This application involves a kind of classification cooking control method, control equipment, cooking equipment, terminal and systems.Classification cooking control method includes: the color reflection information for obtaining rice to be cooked;Reflect that information identifies the rice kind of rice to be cooked according to color;Information is controlled using culinary art corresponding with the rice kind of rice to be cooked, controls the calandria progress heating cooking for heating rice to be cooked in cooking equipment.Using the application, classification culinary art control is realized, hardness, viscosity after can targetedly adjusting different rice kind culinary arts, to improve the culinary art performance of cooking equipment.

Description

Classification cooking control method, control equipment, cooking equipment, terminal and system
Technical field
This application involves fields of home appliance technology, more particularly to a kind of classification cooking control method, control equipment, cook It prepares food equipment, terminal and system.
Background technique
As intelligent electrical apparatus develops, the use of cooking equipment is also more and more intelligent.For example, electric cooker used at present Information can be controlled according to culinary arts such as the culinary art parameters or culinary art curve set mostly, control the heating power of calandria, thus Realize automatic cooking control.

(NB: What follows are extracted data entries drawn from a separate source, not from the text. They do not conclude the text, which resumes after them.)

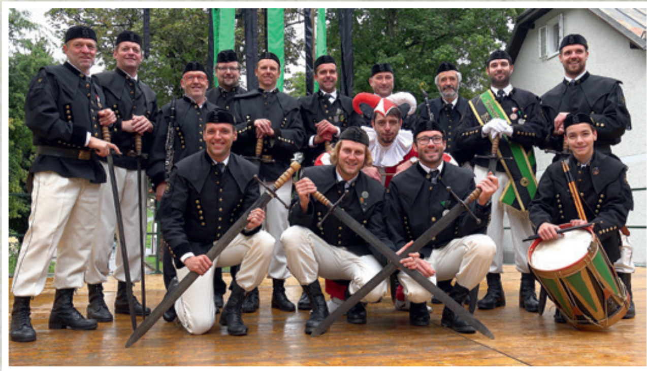
SCHWERTTANZGRUPPE BÖCKSTEIN 2017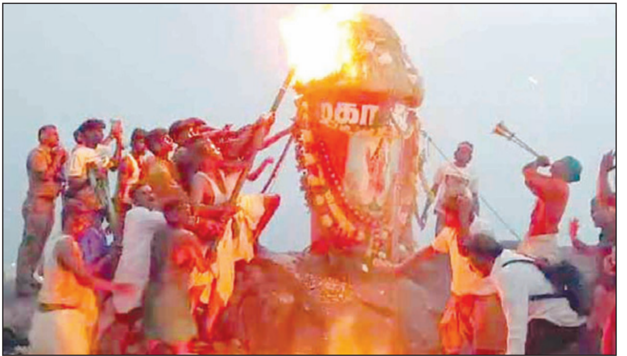
● திருவண்ணாமலை கார்த்திகை தீபத்திருவிழாவை முன்னிட்டு நேற்று மாலை மலை உச்சியில் மகா தீபம் ஏற்றப்பட்டது. இந்திகழ்வில் லட்சக்கணக்கான பத்தர்கள் கலந்து கொண்டு தரிசனம் செய்தனர்.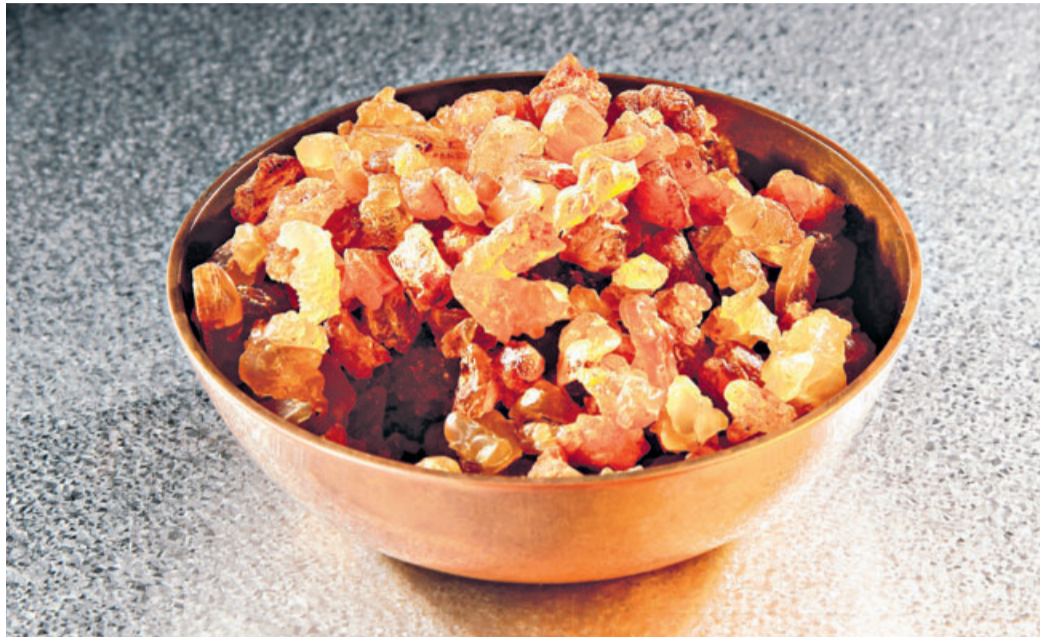
Myrrhe: Opfertgabe und begehrte Arzneipflanze.

Die Myrrhe gehört zu den ältesten natürlichen Heilmitteln der Menschheit, deren Einsatz sich besonders bei Darmerkrankungen bis heute ins moderne Zeitalter bewährt hat. Gerade jetzt in der (Vor-)Weihnachtszeit wird vielen Menschen auch die frühere Bedeutung der Myrrhe wieder bewusst.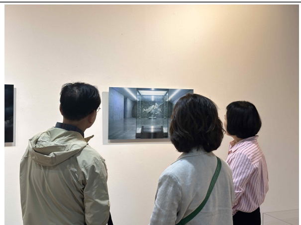
기상·기후 사진전 관람 사진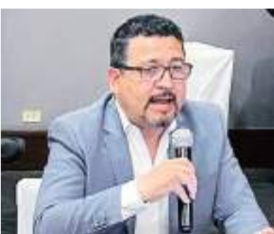
ENSENADA.- La detención de dos policías municipales vinculados al crimen, encendió los focos de alerta de la población.

Los permisos a realizar en el SARE son factibilidad de uso de suelo, licencia ambiental, dictamen de uso de suelo e instalación de anuncios, rótulos y similares, por lo que para más información deberán comunicarse al 646 172 3401, extensión 1191 de lunes a viernes de 8:00 a 15:00 horas o enviar un correo a sarenenada@gmail.com.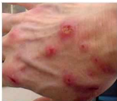
Lesions on person suffering from Morgellons disease

Straciła energię i miała kłopoty z pamięcią. Bolały stawy, zęby zaczęły się psuć, a włosy – wypadać. Czesząc się znajdowała na grzebieniu płataninę włosów, włókien i fragmentów tkanki. Nie wpuszczała nikogo do domu i przestała z niego wychodzić. Bała się, że nieznaną chorobą jest zaraźliwa. Opowiada, jak pewnego dnia z jej gałki ocznej wyszedł różowy robak i wykrztusiła muchę. – Pomyślałam, że się zabiję - mówi. Wizyta u dermatologa niczego nie wyjaśniła. Ale w internecie trafiła na opis objawów dokładnie takich samych jak jej własne i dołączyła do ponad 11.000 osób z całego świata, które twierdzą, że cierpią na nową chorobę. Niektórzy nazywają ją „chorobą włóknistą”, ale większość określa ją jako Morgellons. Nazwa pochodzi od opisanej w XVII wieku choroby, w której dzieciom wyrastały „szorstkie włosy”. W roku 2002 mieszkająca wówczas w Południowej Karolinie sfrustrowana matka, Mary Leitao, natrafiła na opis tej choroby w starej książce o historii medycyny - po tym, jak lekarze nie chcieli uwierzyć, że z wargi jej syna wyrastają włókna.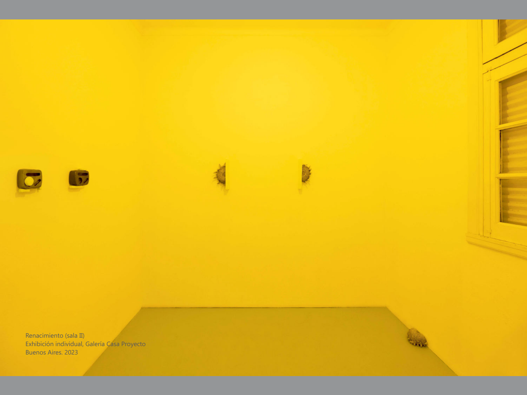
Renacimiento (sala II) Exhibición individual, Galería Casa Proyecto Buenos Aires. 2023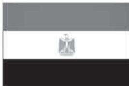
Slika 1. Zastava Arapske Republike Egipat

Na ovom vas putovanju vodimo u Egipat, točnije, u Gizu. Giza ili Gizeh je grad smješten na zapadnoj obali Nila, 20 km jugozapadno od centralnog Kaira, glavnog grada Egipta. Giza je najpoznatija po visoravni Giza gdje se nalaze neki od najimpresivnijih drevnih spomenika na svijetu: piramide, velika sfera i drugi povijesni spomenici.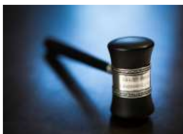
Gåva av Dag Nordenskjöld 1972.

Föreningens årsmötet skall enligt stadgarna ske första torsdagen i mars. Pga pandemin flyttas mötet prel. fram till torsdag 2 september.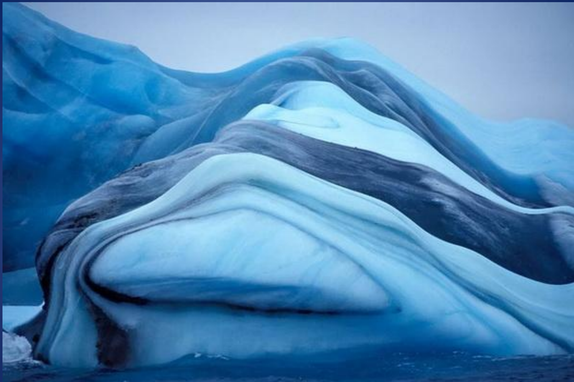
Айсберг с голубыми ледяными прослойками.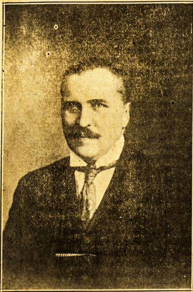
JONAS VILEISIS, BUVES LIETUVOS FINANSU MINISTERIS.

True translation filed with the Postmaster at Philadelphia, Pa., on February 19, 1920, as required by the Act of October 6, 1917.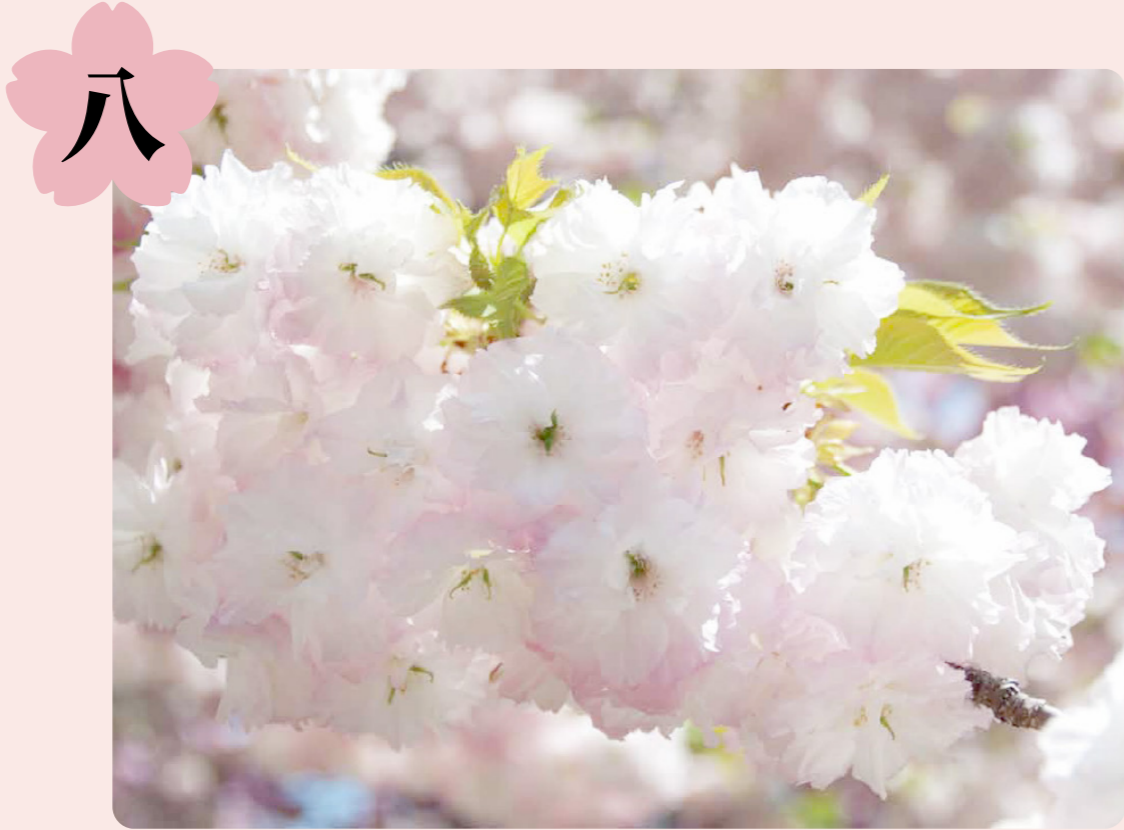
サトザクラ(ショウゲツ)

The rice of culinary art can be divided into colored rice and rice according to color, due to two rice kinds of colored rice and rice property not Together, cooking required temperature, time etc. is also not quite similar.The fixed culinary art of default is usually used in currently used electric cooker Parameter or culinary art curve carry out culinary art control, whether rice or colored rice, and temperature, time of culinary art etc. are fixed, are easy to appear The culinary art of some rice retrodeviates soft, sticky, and some rice culinary arts retrodeviate stiff, and it is poor to cause to cook performance.
Summary of the invention
Based on this, it is necessary to which, for the technical problem of current electric rice cooker cooking performance difference, providing one kind can be improved culinary art Classification cooking control method, control equipment, cooking equipment, terminal and the system of performance.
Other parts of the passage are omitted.